An exact copy of all the data is needed, with every picture left out.

▸ **Collected material**
- Opening Delimiter -

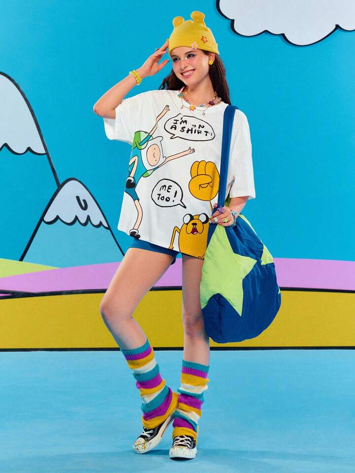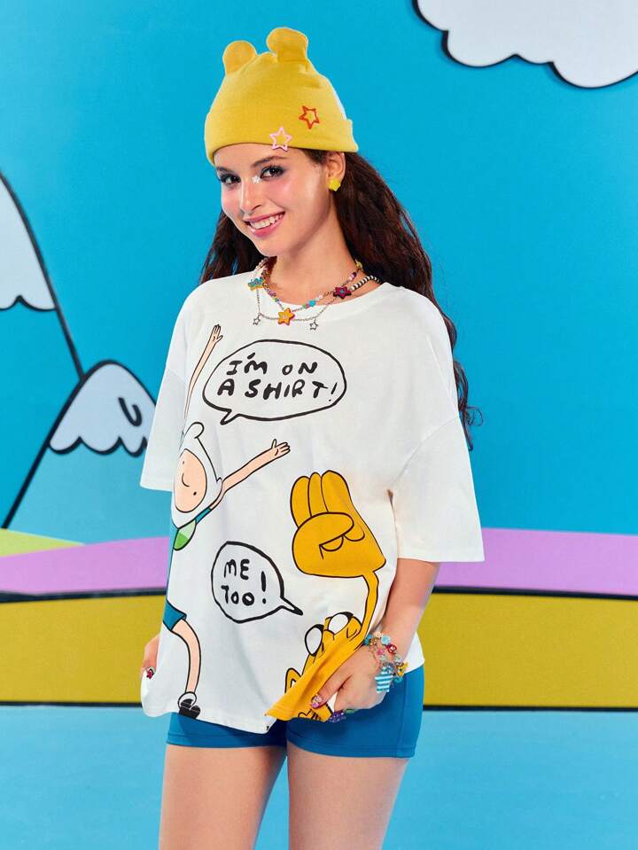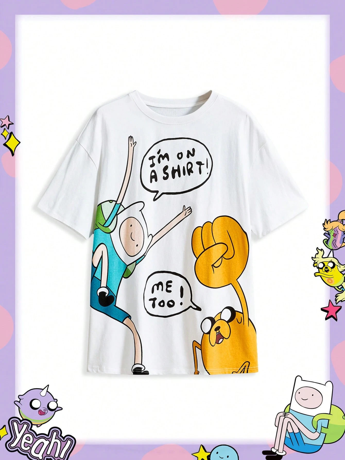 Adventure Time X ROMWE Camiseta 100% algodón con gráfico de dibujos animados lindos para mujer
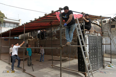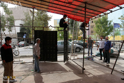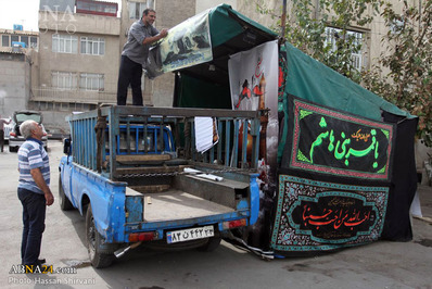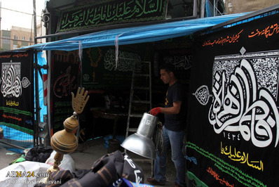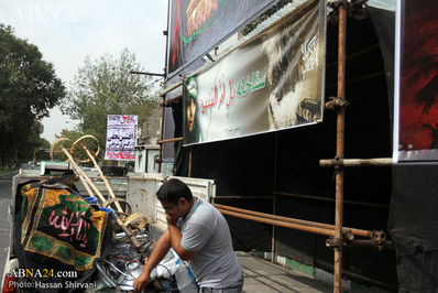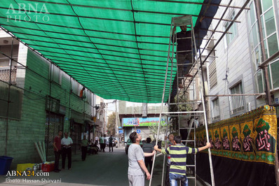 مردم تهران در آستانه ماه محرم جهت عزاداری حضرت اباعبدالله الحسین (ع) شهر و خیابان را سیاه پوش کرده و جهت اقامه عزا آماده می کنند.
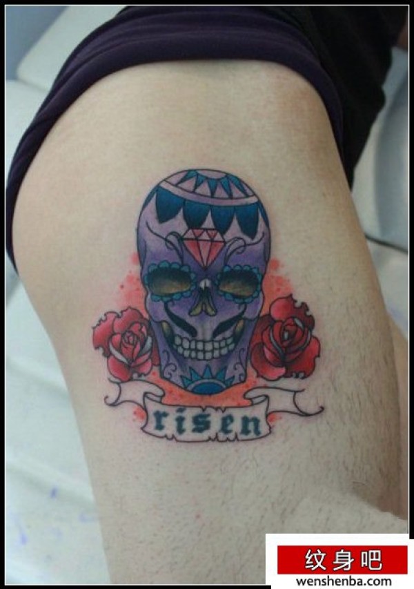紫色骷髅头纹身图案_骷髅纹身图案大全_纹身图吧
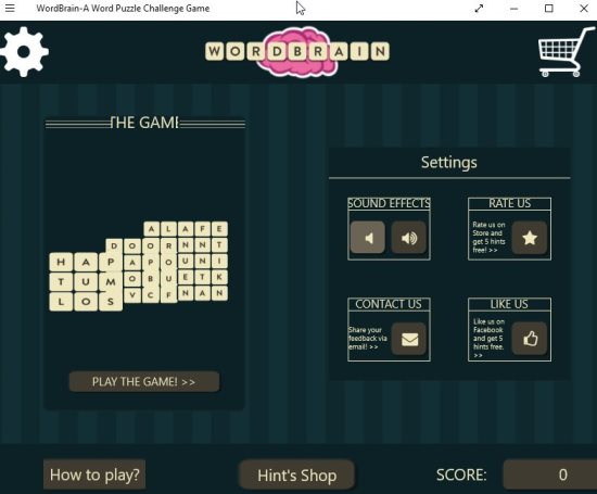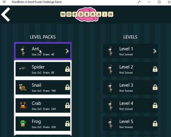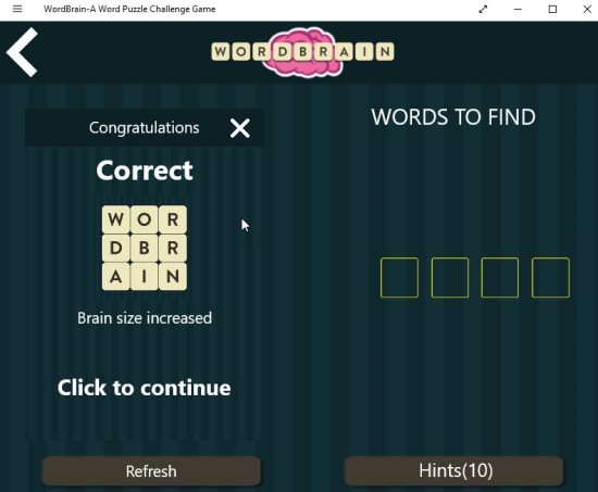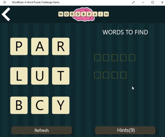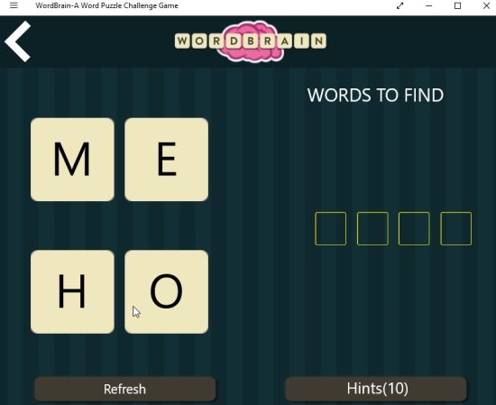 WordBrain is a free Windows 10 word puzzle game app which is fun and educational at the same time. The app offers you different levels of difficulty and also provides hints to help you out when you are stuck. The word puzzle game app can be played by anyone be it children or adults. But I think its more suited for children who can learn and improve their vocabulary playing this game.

- Closing Delimiter -

▸ **Solved problem**
 Adventure Time X ROMWE Camiseta 100% algodón con gráfico de dibujos animados lindos para mujer
 مردم تهران در آستانه ماه محرم جهت عزاداری حضرت اباعبدالله الحسین (ع) شهر و خیابان را سیاه پوش کرده و جهت اقامه عزا آماده می کنند.
紫色骷髅头纹身图案_骷髅纹身图案大全_纹身图吧
 WordBrain is a free Windows 10 word puzzle game app which is fun and educational at the same time. The app offers you different levels of difficulty and also provides hints to help you out when you are stuck. The word puzzle game app can be played by anyone be it children or adults. But I think its more suited for children who can learn and improve their vocabulary playing this game.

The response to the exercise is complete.